As of Nov. 1, German companies have been permitted to hire skilled workers from electrical and mechanical engineering sectors without giving priority to German applicants. Changes to labor laws now also permit foreign graduates of German universities to work in the country for three years.
When the plan was announced earlier this year, German Chancellor Angela Merkel said the government's priority would be to "give a chance to those people in Germany who are unemployed."
Economic boom
Germany's unemployment in October fell below 3.5 million for the first time since 1995 and German firms are scrambling to find engineers and other highly skilled employees.
But the partial opening has raised concerns in eastern Europe that more highly skilled workers could leave, worsening the skills shortages that have already developed in this boom conditions.
Poland has been particularly affected. Since joining the EU in May 2004, some two million mainly younger Poles have sought work abroad, many in Britain, which opened its borders when Poland joined the EU.
The situation in the Czech Republic is similar to Poland's. According to official statistics, Czech firms already lack at least 50,000 workers qualified in various technical professions.
"The Czech Republic is preparing a green-card program, which could cover the shortages in some professions," a spokeswoman for the Czech Confederation of Industry, Blanka Ruzickova, told Deutsche Presse-Agentur dpa. "But if those who already work here leave, the problem could intensify. It puts us in jeopardy to a certain level."
Ruzickova added that the extent of the damage would depend on German firms' qualification demands.
"If they require a good knowledge of German, the drain may not be so large," she said.
Not all companies concerned
Volkswagen-owned Skoda Auto, the Czech Republic's largest automaker, was unconcerned that its engineers would head west.
"Skoda's social benefits are above standard, and keeping a job in the future also plays a considerable role," Skoda Auto spokesman Jaroslav Cerny told dpa.

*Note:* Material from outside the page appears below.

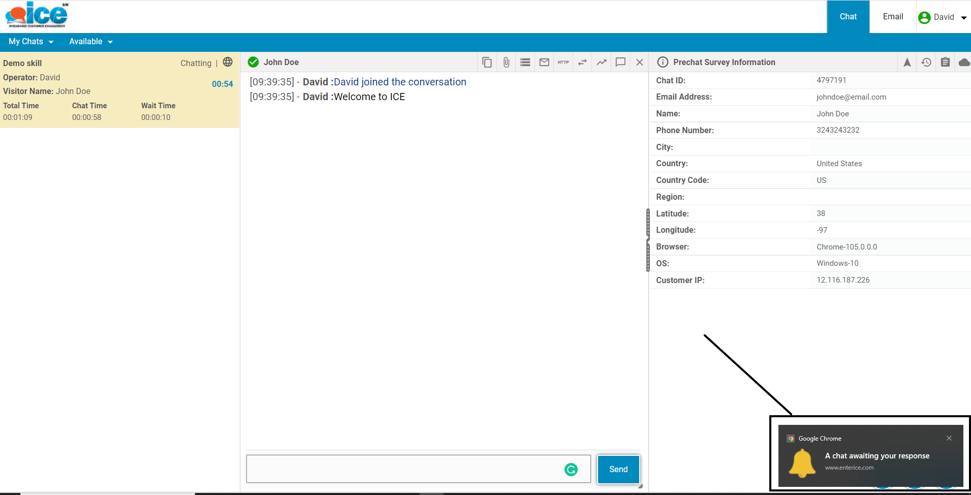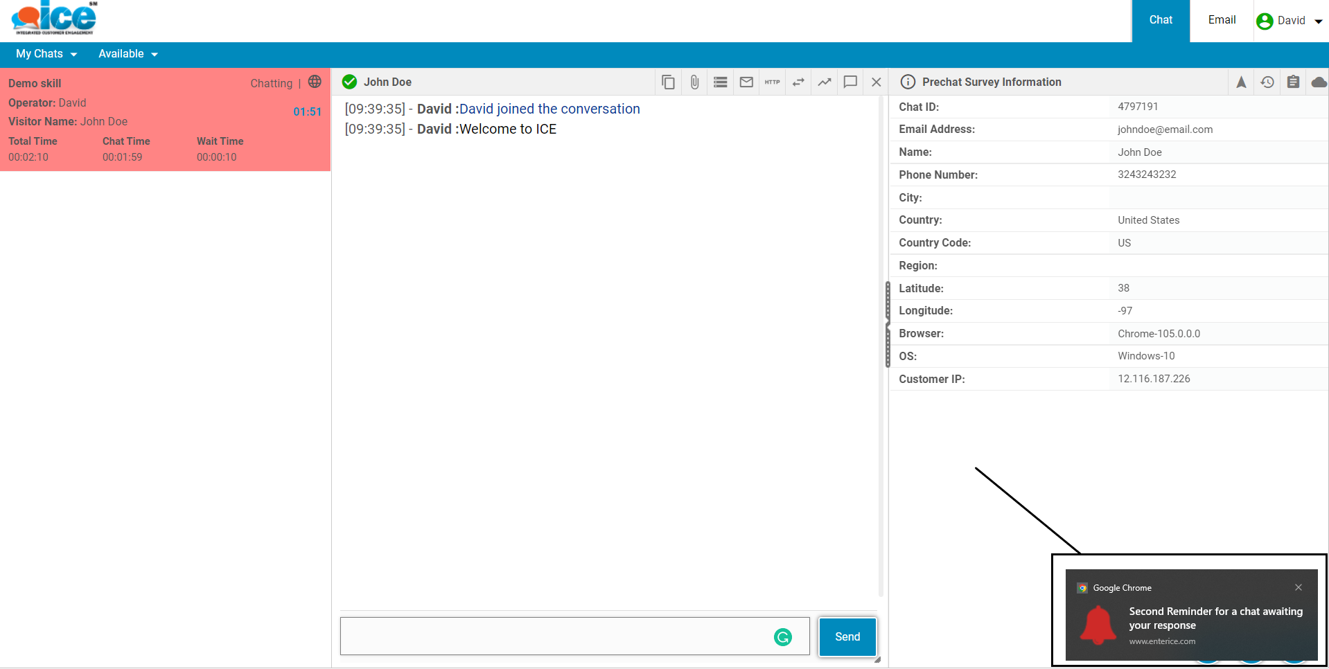 This notification has been designed to notify an operator of an unattended incoming chat at a specified interval of time.

There was also concern in Bulgaria, which joined the EU with Romania in January this year.
"The opening of German borders for engineers could give its new EU partner Bulgaria a heavy blow," a professor in Sofia said, pointing to salaries in Germany that would far exceed the average at Bulgarian companies.
The country has already lost highly skilled people to the United States and Canada, and foreign investors have begun to complain about a lack of highly skilled young engineers.
The Czech Republic, Estonia, Hungary, Latvia, Lithuania, Poland, Slovakia and Slovenia joined the EU in May 2004, while Bulgaria and Romania became members at the beginning of 2007.
Germany was one of many EU countries that closed its labor market to the eight eastern European countries that joined the EU in 2004 along with Cyprus and Malta.
The restrictions were imposed for three years and then extended for a further two years to 2009. A final possible extension to 2011 is a hotly debated topic in Germany, with business in favor of opening up and politicians largely against.
Britain, Ireland and Sweden opened their labor markets immediately, and most other "old" EU members have since followed.